The human, on the other hand, is:

  1. Flexible and able to deviate from a given pattern (or code);
  2. Imaginative;
  3. Able to reason;
  4. Able to learn [1].

The application of business analytics is the perfect convergence of this chess metaphor, powerful computations, and the people involved. Of course, the chess metaphor breaks down a bit since we have human and machine working together against competing partnerships of humans and machines (rather than human against machine).

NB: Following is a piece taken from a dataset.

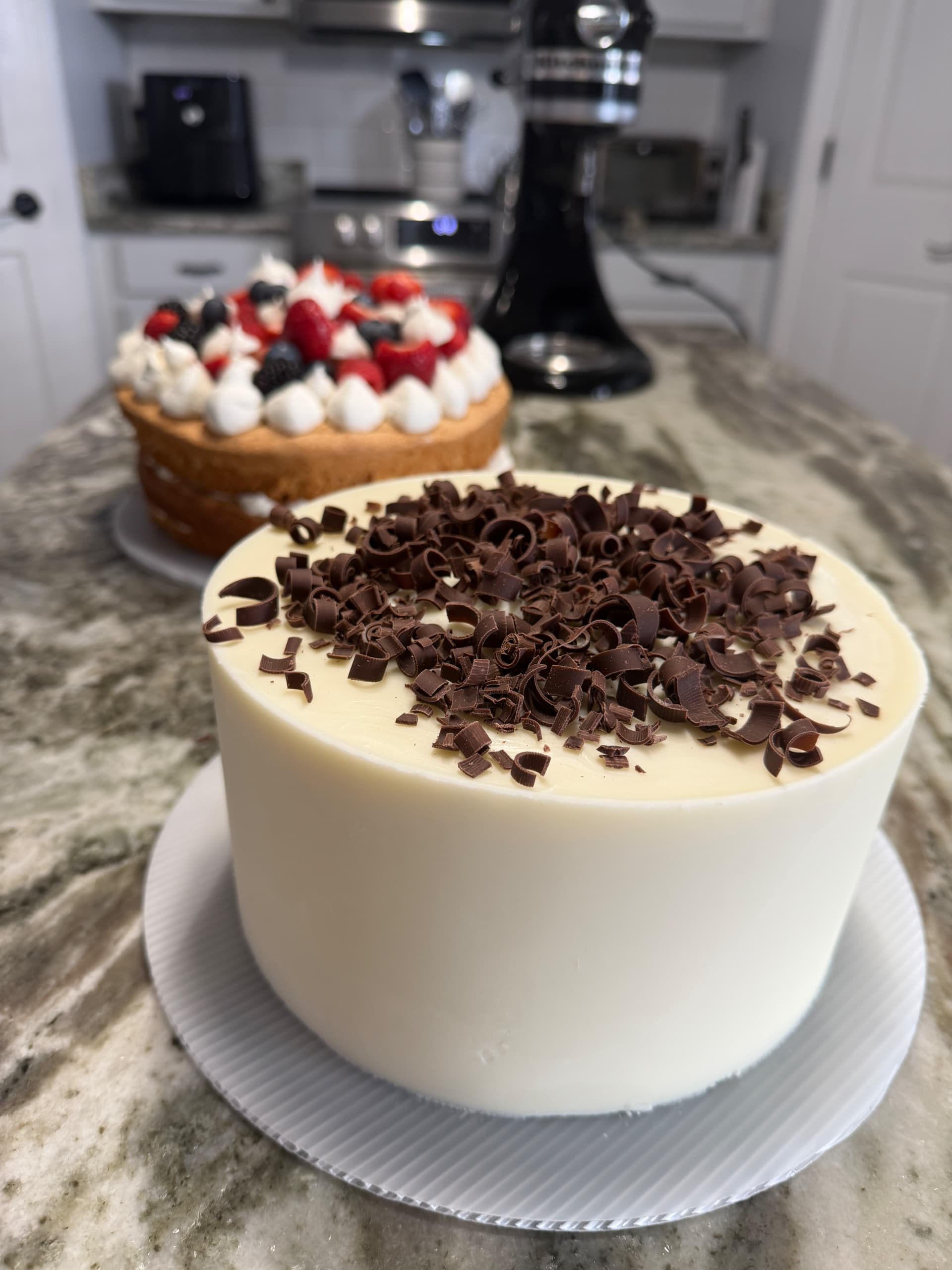 I made 2 cakes for January work birthdays, an Eton mess and a red velvet. Red velvet was made with a box mix, but I did make the cream cheese frosting and used Frost Form’s white chocolate ganache frosting. The frost form was very easy to use but you need to be patient. Chilling the cakes and cooling the ganache are keys to success also, leave it in the form overnight to make releasing the acrylic liner easier.

Oracle Business Intelligence (along with implementation partners such as Edgewater Ranzal) has long provided enterprises with the ability to balance this convergence. Regardless of the robustness of the tool, the excellence of the implementation, the expertise of the users, and the responsiveness of the technical support team, there has been one weakness:  No organization can resolve data integration logic mistakes or incorporate new data as quickly as users request changes.  As a result, the second and third computer advantages above are hindered.  Computers making mistakes due to their programmatic DNA will continue to make these mistakes until corrective action can be implemented (which can take days, weeks, or months).  Likewise, all possible positions or moves cannot be analyzed due to missing data elements.  Exacerbating the problem, all of the human advantages stated previously can be handicapped; increasingly so depending on the variability, robustness, and depth of the missing or wrongly calculated data set.

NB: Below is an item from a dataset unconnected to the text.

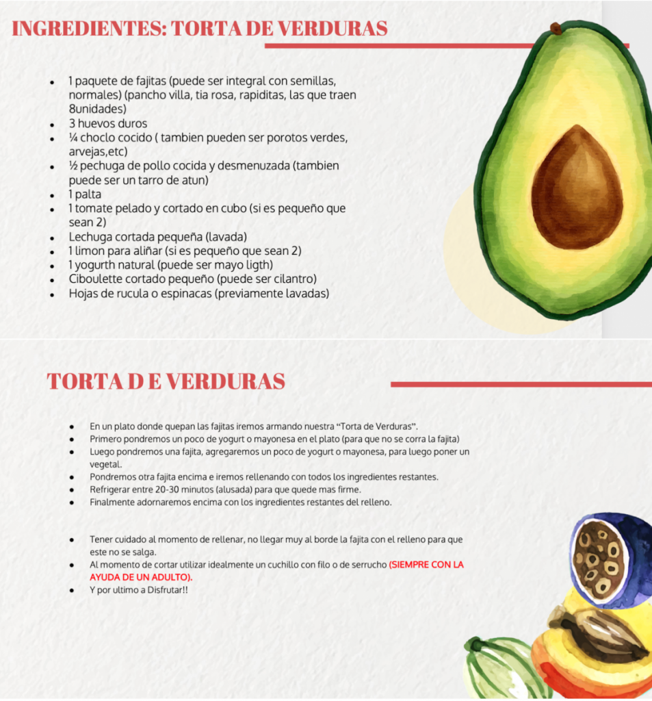 El taller extraescolar de “Cocina entretenida” en donde participan estudiantes de 3º a 6º básico, el cual se realiza todos los días lunes de 15:00 a 16:20 horas vía zoom y es dirigido por la chef Rocio Sanhueza, preparó un recetario de 3 platillos saludables, para que puedan realizarlos en sus casas y así transformarse en unos Máster Chef.

With the introduction of Visual Analyzer (VA) and Data Visualization (DV), Oracle has made enormous strides in overcoming this weakness. Users now have the ability to perform data mashups between local data and centralized repositories of data such as data warehouses/marts and cubes.  No longer does the computer have to make data analysis without the availability of all possible data.  No longer does the user have to make educated guesses about how centralized and localized data sets correlate and how it will affect overall trends or predictions.  Used properly, users and enterprises can leverage VA/DV to iteratively refine and redefine the analytical component that contributes to their strategic goals.  Of course, all new technologies and capabilities come with their own challenges.

The first challenge is how an organization can present these new views of data and compare and contrast them with the organizational “one version of the truth”. Enterprise data repositories are a popular and useful asset because they enable organizations to slice, dice, pivot, and drill down into this centralized data while minimizing subjectivity.  Allowing users to introduce their own data creates a situation where they can increase data subjectivity.  If VA/DV is to be part of your organization’s analytics strategy, processes must be in place to validate the result of these new data models.  The level of effort that should be applied to this validation should increase according to the following factors:

  • The amount of manual manipulation the user performed on the data before performing the mashup with existing data models;
  • The reputability of the data source. Combining data from an internal ERP or CRM system is different from downloading and aligning outside data (e.g. US Census Bureau or Google results);
  • The depth and width of data. In layman’s terms, this corresponds to how many rows and columns (respectively) the data set has;
  • The expertise and experience of the individual performing the data mashup.

If you have an existing centralized data repository, you have probably already gone through data validation exercises. Reexamine and apply the data and a metadata governance processes you went through when the data repository was created (and hopefully maintained and updated).

The next challenge is integrating the data into the data repository. Fortunately, users may have already defined the process of extracting and transforming data when they assembled the VA/DV project.  Evaluating and leveraging the process the user has already defined can shorten the development cycle for enhancing existing data models and the Extract, Transform, and Load (ETL) process.  The data validation factors above can also provide a rough order of magnitude of the level of effort needed to incorporate this data.  The more difficult task may be determining how to prioritize data integration projects within an (often) overburdened IT department.  Time, scope, and cost are familiar benchmarks when determining prioritization, but it is important to take revenue into account.  Organizations that have become analytics savvy and have users demanding VA/DV data mashup capabilities have often moved beyond simple reporting and onto leveraging data to create opportunities.  Are salespeople asking to incorporate external data to gain customer insight?  Are product managers pulling in data from a system the organization never got around to integrating?  Are functional managers manipulating and re-integrating data to cut costs and boost margins?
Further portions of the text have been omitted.